I am fond of that vine-ripened potentate, and of its viscous liquid that has graced the lips of Caesar and the veins of Jesus Christ. But there is a time and a place for the vino, and it is not in the humble Zen temple of the cranberry.
Yet, America's premiere juicierre, Ocean Spray, insists on draping their 100% Cranberry with the thick cloak of the grape, and the truth becomes lost. I do not want to think of the grape when I drink the cranberry. I do not want my mind polluted. The grape is an ass, a lugubrious houseguest overstaying his welcome. This is not a Roman bacchanal. This is serious.
This leaves us, at least in the Milwaukee market, with Langer's and Northland brand 100% Juice Cranberry Blends, and both of them know the answer: pear juice.
The pear is a solid yet perennially underrated pillar of the community among fruits, its stalwart nobility tarnished by the indignity of cafeteria fruit cup. Yet in the company of the cranberry, the two become truly alive, like the tall, square-jawed man of few words with a vivacious red-headed whirlwind on his arm, the type of couple who are a must-have on any social scene, the sort who assert control of any business arrangement or high-class soiree.
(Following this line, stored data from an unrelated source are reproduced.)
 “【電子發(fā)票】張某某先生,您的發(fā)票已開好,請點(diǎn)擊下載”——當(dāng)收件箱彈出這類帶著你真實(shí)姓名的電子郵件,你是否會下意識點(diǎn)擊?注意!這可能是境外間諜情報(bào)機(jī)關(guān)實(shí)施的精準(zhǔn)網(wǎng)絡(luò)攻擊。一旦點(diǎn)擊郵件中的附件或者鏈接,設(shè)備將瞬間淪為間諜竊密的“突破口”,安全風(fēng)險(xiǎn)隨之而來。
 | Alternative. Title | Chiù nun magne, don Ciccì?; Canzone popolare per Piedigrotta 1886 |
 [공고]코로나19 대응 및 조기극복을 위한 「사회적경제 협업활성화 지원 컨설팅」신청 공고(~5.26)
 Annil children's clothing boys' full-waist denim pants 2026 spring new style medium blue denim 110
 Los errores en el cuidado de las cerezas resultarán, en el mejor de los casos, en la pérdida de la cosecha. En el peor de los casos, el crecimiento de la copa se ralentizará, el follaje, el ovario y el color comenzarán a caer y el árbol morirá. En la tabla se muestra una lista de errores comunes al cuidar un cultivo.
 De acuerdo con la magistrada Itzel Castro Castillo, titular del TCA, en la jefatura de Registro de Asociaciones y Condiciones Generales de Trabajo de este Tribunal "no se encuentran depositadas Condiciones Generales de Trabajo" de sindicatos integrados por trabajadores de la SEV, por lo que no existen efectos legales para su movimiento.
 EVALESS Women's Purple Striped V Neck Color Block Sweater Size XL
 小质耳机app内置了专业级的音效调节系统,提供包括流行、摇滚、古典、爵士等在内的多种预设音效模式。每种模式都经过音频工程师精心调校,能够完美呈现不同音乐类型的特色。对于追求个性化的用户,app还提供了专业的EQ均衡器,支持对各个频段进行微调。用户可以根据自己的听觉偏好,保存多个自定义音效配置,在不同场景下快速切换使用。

Yes, there's a bit of apple juice along for the ride but to hell with it. Northland even allow the boorish grape to stick his nose in the door like a third-rate W.C. Fields. This is inconsequential. These two brands allow the clarion chords of integrity and justice to shine through their beverages, even if you must hunt through literally dozens of timewasting varietals to find the one true beacon.
On a manufacturing perspective, I salute you.
And now, to get to the core of the annoyance. The Jewel-Osco chain of supermarket/drugstores have permanently gone under. Their location on North Avenue has been bought out by Pick 'N Save, and already compromises are surfacing in their stock. No longer can you purchase the $1.89 box of eleven Twix bars, you must buy the bag of ten for $2.79. Actually, that in and of itself has helped me swear off the Twix bars, but there remains the looming juice crisis.
Langer's Cranberry 100% Juice has vanished entirely from the shelves, and the Northland equivalent is now only available in the smaller size.
I am annoyed.
But I bought the small one anyway, and am drinking it now. It's nice.